Розенберг продолжал:

– «Успехи социалистической перестройки сельского хозяйства достигнуты партией в жестокой борьбе с троцкистскими, бухаринскими и прочими агентами фашизма. И чем больше и ярче наши победы – тем бешенее злоба со стороны заклятых врагов народа».

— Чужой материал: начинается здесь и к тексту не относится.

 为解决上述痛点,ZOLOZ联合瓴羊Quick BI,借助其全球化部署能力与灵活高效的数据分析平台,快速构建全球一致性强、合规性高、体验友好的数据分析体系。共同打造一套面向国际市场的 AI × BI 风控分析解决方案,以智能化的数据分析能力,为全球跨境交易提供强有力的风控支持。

Катерина остановилась. Прямо перед ними трое незнакомых мужчин под руки вывели бывшего кулака Пантелеймона из дома и грубо толкнули в телегу. В окне мелькнуло чье-то лицо. На улице, кроме них с Розенбергом, никого не было. Даже собака Пантелеймона не лаяла. Словно вся деревня вымерла, только где-то вдалеке слышался заливистый девичий смех.

Катерина прошептала:

– Неужели арест?

Розенберг раздосадованно обнял Катерину:

– Ну что ты, дурочка? Просто так не забирают…

Розенберг сбросил свой пиджак и заботливо накинул Катерине на плечи:

– Ты послушай, что дальше. «Маскируясь и двурушничая, они берутся за последние средства, за вредительство, за шпионаж, диверсию, чтобы повернуть колхозную деревню назад к капитализму, к кулацкой кабале». Каково?

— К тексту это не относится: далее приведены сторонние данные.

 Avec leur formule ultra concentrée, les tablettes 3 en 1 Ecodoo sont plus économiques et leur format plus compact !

Катерина больше не слушала.

– Сергей Константинович, по-моему, вы написали замечательную статью. Прощайте.

– Катя… То есть… Катерина Федоровна…

Розенберг хотел еще что-то добавить, но запнулся и в недоумении развел руками.

Катерина молча толкнула калитку, не оборачиваясь быстрым шагом зашла в дом и захлопнула за собой дверь. Оказавшись в пустом темном коридоре, Катерина испугалась. Она почувствовала, как огромный дом вбирает ее в себя, как трясина, не желает отпускать. Опять одна. Теперь навсегда. Устало опустилась на кровать. Часы на стене отмеряли время, которое ей оставалось.

Катерина прошептала, обращаясь к Николаю: «Прости меня…»


Утро туманилось. Моросил дождь. Ночью поднялся ветер, но сейчас стих, успев посбивать с веток яблоки, которые теперь, мокрые, сиротливо валялись на земле. Катерина, не ложившаяся всю ночь, подоила и отправила на пастбище корову. Где-то в груди тоскливо щемило, а в голове стучало: «Одна, одна, одна».

В дверь забарабанил почтальон:

– Катерин Федорна!

Катерина взяла письма. Целых два. Первое от Коли, подписанное его мелким крючковатым почерком. Сын писал редко и мало, чаще всего просил выслать денег. А второе письмо было без адреса. Странно.

Катерина повертела его. Внутри что-то было. Мягкое. Дрожащими руками разодрала безымянный конверт и выхватила обрывок грязной тряпицы с каракулями, нацарапанными углем: «Берново. Сандаловой К. Отправляют на Колыму. 10 лет. Обнимаю. Вера».

Там же была записка: «Просили передать. Не узнавайте, кто».

Катерина обессиленно села на крыльцо. Вера. С тех пор как они с Петром Петровичем сбежали в Тверь, вестей от них не было. Сменили фамилию и скрыли происхождение Веры, где-то кое-как устроились. Позже ей расскажут, что Веру в Твери узнал кто-то из Бернова и донес. Петр Петрович отрекаться не стал, будучи членом семьи изменника родины, и его тоже отправили в лагеря.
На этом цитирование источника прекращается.